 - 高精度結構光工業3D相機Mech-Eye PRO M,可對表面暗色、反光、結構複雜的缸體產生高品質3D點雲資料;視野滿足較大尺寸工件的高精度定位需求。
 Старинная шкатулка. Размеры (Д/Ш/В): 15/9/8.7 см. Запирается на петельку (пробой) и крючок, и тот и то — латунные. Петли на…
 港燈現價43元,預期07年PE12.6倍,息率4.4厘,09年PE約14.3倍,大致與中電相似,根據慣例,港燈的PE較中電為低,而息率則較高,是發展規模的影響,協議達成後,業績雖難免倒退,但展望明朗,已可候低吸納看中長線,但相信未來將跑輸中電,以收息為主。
* * *
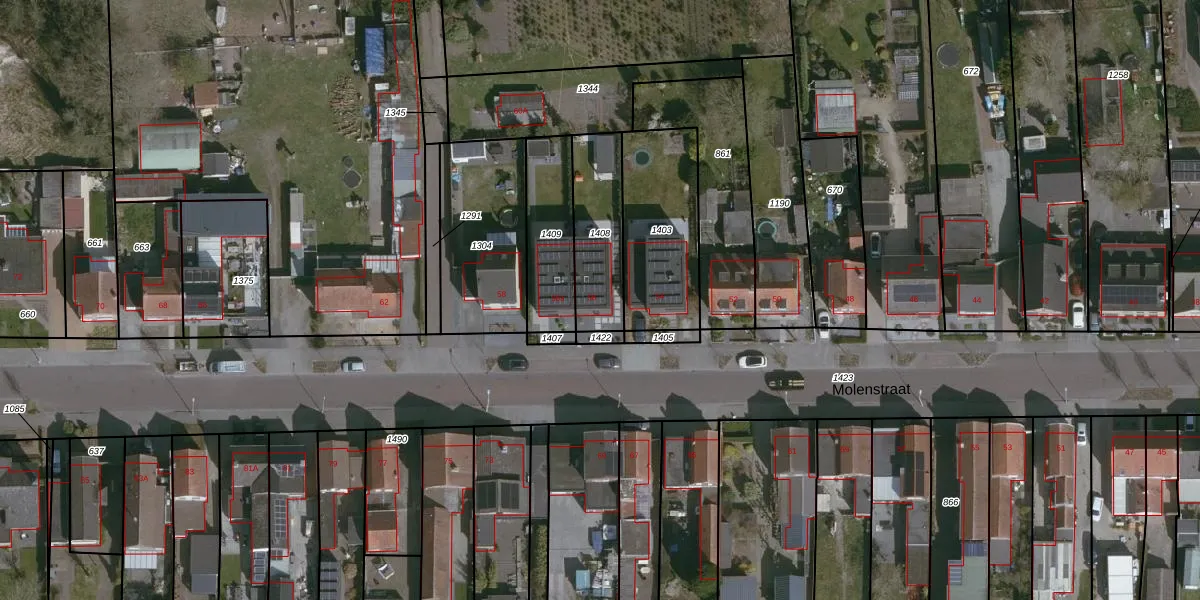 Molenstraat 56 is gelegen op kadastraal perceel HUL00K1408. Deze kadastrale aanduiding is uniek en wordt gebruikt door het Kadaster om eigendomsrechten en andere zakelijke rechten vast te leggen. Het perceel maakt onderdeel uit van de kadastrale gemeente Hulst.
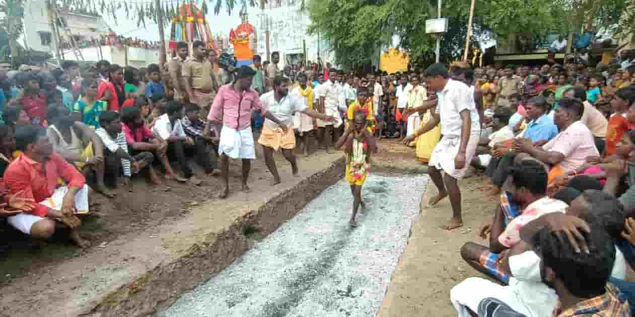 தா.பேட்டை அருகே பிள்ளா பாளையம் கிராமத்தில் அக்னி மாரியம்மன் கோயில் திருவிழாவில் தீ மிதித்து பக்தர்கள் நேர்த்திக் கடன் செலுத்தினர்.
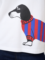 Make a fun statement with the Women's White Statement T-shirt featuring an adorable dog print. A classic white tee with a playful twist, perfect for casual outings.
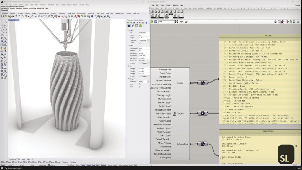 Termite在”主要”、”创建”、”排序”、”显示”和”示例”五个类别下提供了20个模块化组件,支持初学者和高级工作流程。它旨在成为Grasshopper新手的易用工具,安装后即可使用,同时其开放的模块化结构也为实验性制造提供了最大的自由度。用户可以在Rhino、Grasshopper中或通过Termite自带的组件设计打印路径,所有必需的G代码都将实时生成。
* * *
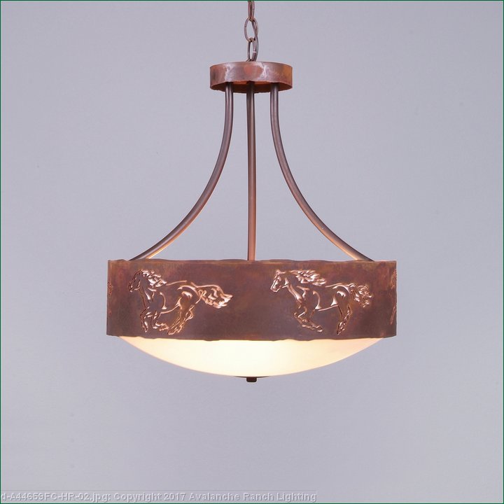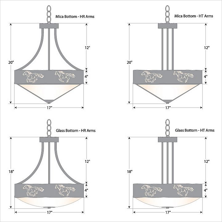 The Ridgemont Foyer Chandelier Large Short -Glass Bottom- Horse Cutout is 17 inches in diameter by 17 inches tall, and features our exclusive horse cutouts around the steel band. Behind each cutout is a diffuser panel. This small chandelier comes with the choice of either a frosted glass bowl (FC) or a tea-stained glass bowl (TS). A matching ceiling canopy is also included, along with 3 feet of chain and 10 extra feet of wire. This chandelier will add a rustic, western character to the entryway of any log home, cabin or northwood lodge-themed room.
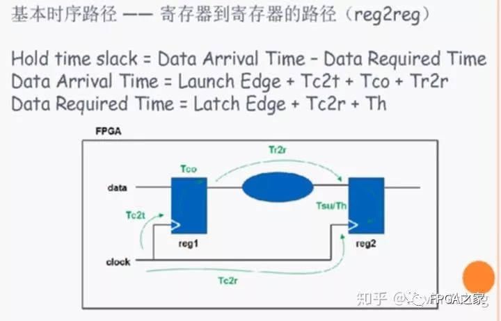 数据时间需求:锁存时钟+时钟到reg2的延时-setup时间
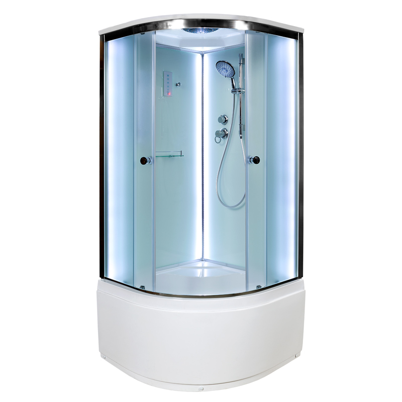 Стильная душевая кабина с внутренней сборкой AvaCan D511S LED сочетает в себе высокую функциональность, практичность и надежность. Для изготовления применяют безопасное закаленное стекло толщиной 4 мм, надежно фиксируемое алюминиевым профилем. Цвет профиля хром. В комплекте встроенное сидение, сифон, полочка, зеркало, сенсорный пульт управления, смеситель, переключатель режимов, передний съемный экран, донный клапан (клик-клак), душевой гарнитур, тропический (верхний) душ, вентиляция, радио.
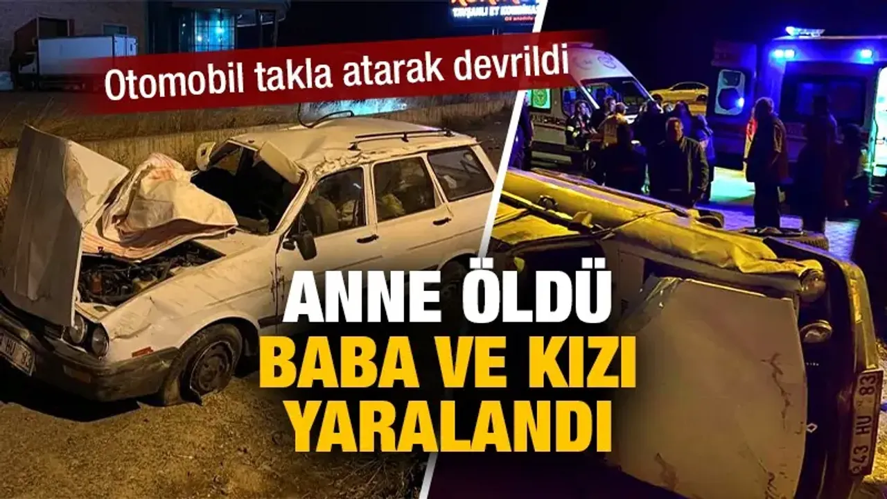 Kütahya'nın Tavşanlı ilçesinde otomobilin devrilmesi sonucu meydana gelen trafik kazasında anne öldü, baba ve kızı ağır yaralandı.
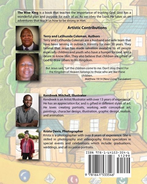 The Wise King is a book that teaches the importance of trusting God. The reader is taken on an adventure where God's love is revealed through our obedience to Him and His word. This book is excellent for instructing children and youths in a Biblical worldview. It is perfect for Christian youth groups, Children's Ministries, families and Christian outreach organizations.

AIM OF THE TASK. For this exercise, set down the lines in the entries above from the one with "Kütahya'nın Tavşanlı ilçesinde" through the one with "The Wise King" exactly as written, without any pictures.

RESULT OF THIS TASK.
 Kütahya'nın Tavşanlı ilçesinde otomobilin devrilmesi sonucu meydana gelen trafik kazasında anne öldü, baba ve kızı ağır yaralandı.
 The Wise King is a book that teaches the importance of trusting God. The reader is taken on an adventure where God's love is revealed through our obedience to Him and His word. This book is excellent for instructing children and youths in a Biblical worldview. It is perfect for Christian youth groups, Children's Ministries, families and Christian outreach organizations.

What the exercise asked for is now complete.